Le maire de Levallois-Perret, Patrick Balkany, a été condamné, vendredi 13 septembre à Paris, à quatre ans de prison ferme pour fraude fiscale et sera immédiatement incarcéré, suivant les réquisitions du parquet. Son épouse et première adjointe, Isabelle, a, elle, été condamnée à trois ans de prison ferme sans mandat de dépôt.

Le tribunal correctionnel a également condamné les deux élus Les Républicains (LR) de cette commune cossue de l’Ouest parisien à dix années d’inéligibilité. L’avocat de M. Balkany a d’ores et déjà annoncé qu’il allait faire appel.

Le Parquet national financier et le fisc, qui avait porté plainte en 2015, reprochent aux Balkany de n’avoir pas payé d’impôt de solidarité sur la fortune (ISF) entre 2010 et 2015, malgré des actifs estimés à 16 millions d’euros annuels au minimum. Mais également d’avoir déclaré des revenus amplement sous-évalués entre 2009 et 2014. Les sommes éludées sont estimées à plus de 4 millions d’euros d’impôts sur le revenu et la fortune ; un montant contesté par la défense.

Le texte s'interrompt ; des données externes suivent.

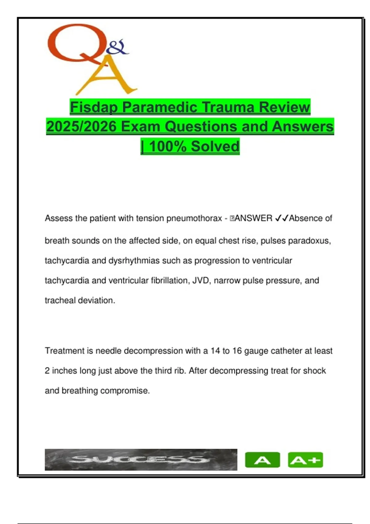 Treatment is needle decompression with a 14 to 16 gauge catheter at least

Le maire LR de Levallois-Perret avait comparu sans son épouse, Isabelle, alors convalescente à la suite d’une tentative de suicide au début de mai. Entre colères noires, ton hâbleur et longues digressions sur la ville qu’il dirige presque sans interruption depuis 1983, l’ancien député de 71 ans s’était longuement défendu devant le tribunal.

Des « fautes » reconnues

Les deux élus ont admis des « fautes », reconnaissant certaines des accusations de fraude fiscale. Parmi la liste des avoirs qui auraient dû entrer dans le calcul de l’impôt, l’accusation et le fisc ont notamment mis en avant la luxueuse villa Pamplemousse de Saint-Martin, qu’Isabelle Balkany a tardivement reconnu posséder, et un somptueux riad à Marrakech, que le couple nie avoir acheté.

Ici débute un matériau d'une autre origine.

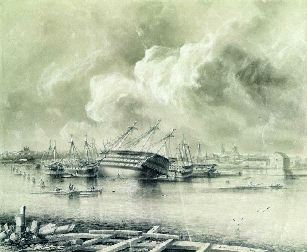 Боголюбов Алексей Петрович (1824-1896) "Кронштадт после наводнения 7 ноября 1824 года" |

Les Balkany sont également accusés d’avoir sous-évalué la valeur du moulin qu’ils possèdent à Giverny, en Normandie, ce dont ils se défendent, et d’avoir dépensé des sommes sans commune mesure avec leurs revenus connus, notamment sous forme d’espèces non déclarées. L’accusation ne s’est pas attardée sur les origines de leur fortune, prescription oblige. Patrick Balkany a affirmé que le couple avait « mangé » son capital issu notamment d’héritages dissimulés en Suisse et jamais déclarés, et évoqué l’écoulement de lingots d’or légués par son père.

Pour la seconde partie du procès audiencée en juin et consacrée aux délits de blanchiment et de corruption, le délibéré est fixé au 18 octobre. Le parquet a requis sept ans de prison ferme avec incarcération immédiate et la confiscation de tous les biens de M. Balkany.